How To Encourage More House Extensions

The single biggest thing holding back house extensions isn't the planning system.

It seems that many people believe planning permission is extremely hard to get and that it is the single biggest obstacle to construction. In response, the collation government in Westminster are floating the idea of increasing the size of house extension a homeowner can build without the need to apply for Planning Permission. This legislation wont affect my clients, as I practice Architecture in Scotland and we are subject to planning laws passed in Holyrood not Westminster. However, this is yet another example of too much emphasis being placed on the planning process. If the purpose of this law is to encourage construction of house extensions, then planning isn't the issue. View Planning Approvals in a larger mapTake a look at my own record for example. I publish an interactive Google map, showing the details of every successful planning application I have made. All are domestic alterations or extensions and to date I made 45 approved applications. Two of those were refused initially and were granted after a second application; one in Fife the other in Perthshire. Of all the applications I have made, only one was an outright loss, it doesn't appear on the map but this is a link to the application and the appeal. Over four years and across seven councils, I have managed a first time success rate of 95%. If the government want to boost construction of house extensions, changing or removing planning permission isn't the problem.



The problem is VAT.


I have written previously about VAT in the construction industry and since then things have not improved. Essentially if you want to build a brand new house, you will pay no VAT. But if you wish to alter or extend an existing house, you will pay VAT at the full rate. For most homeowners, this is an enormous hurdle to clear. I publish a guide to the minimum cost of typical house extensions on my website. Before VAT is added, one can expect to pay between £50,000 and £100,000 for a reasonable extension to a suburban family home. As VAT is 20% at present, this will add £10k to £20k to that bill, which is an enormous sum. While this reality might stop many people in their tracks, it will encourage others to look to the grey economy and pay cash to avoid VAT entirely. Both these outcomes are bad for the economy in general and the construction industry in particular. It either stops development dead or promotes cowboy builder who deliver terrible service and steal work from honest construction firms. 
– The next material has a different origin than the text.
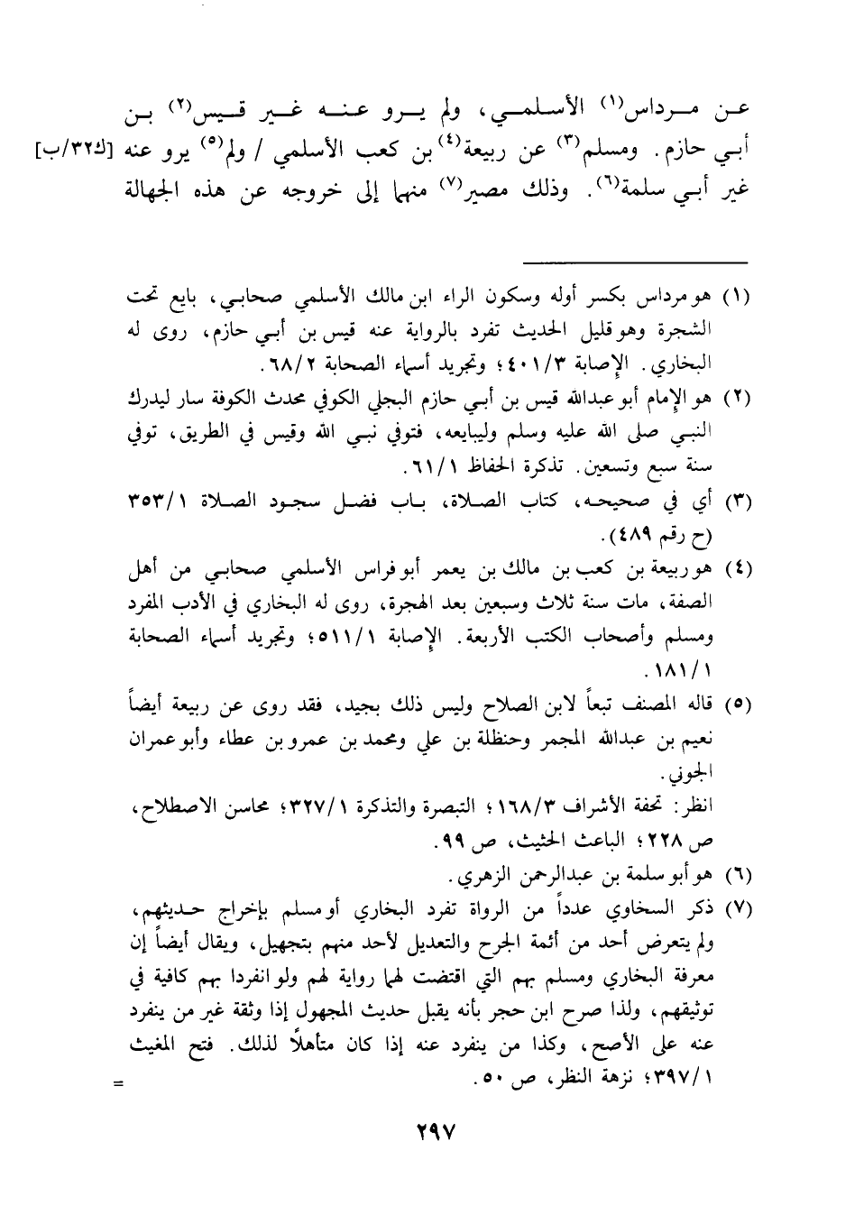 (¬1) هو مرداس بكسر أوله وسكون الراء ابن مالك الأسلمي صحابي، بايع تحت الشجرة وهو قليل الحديث تفرد بالرواية عنه قيس بن أبي حازم، روى له البخاري. الإِصابة 3/ 401؛ وتجريد أسماء الصحابة 2/ 68.

Encouraging more house extensions will have other benefits as well; 


It will allow families to stay in the communities where they have put down roots, rather than moving to somewhere different to buy a bigger house and start over again. It will take pressure off the housing market. By making better use of the houses we already have, we reduce demand for new homes.  It will enhance the construction industry, because properly run, VAT registered firms tend to invest in training and equipping their tradesmen. Cowboys do not.If the government are serious about encouraging construction they should scrap or significantly reduce VAT on house extensions. And since Westminster controls taxation for the entire UK, this will have a positive impact on my clients immediately.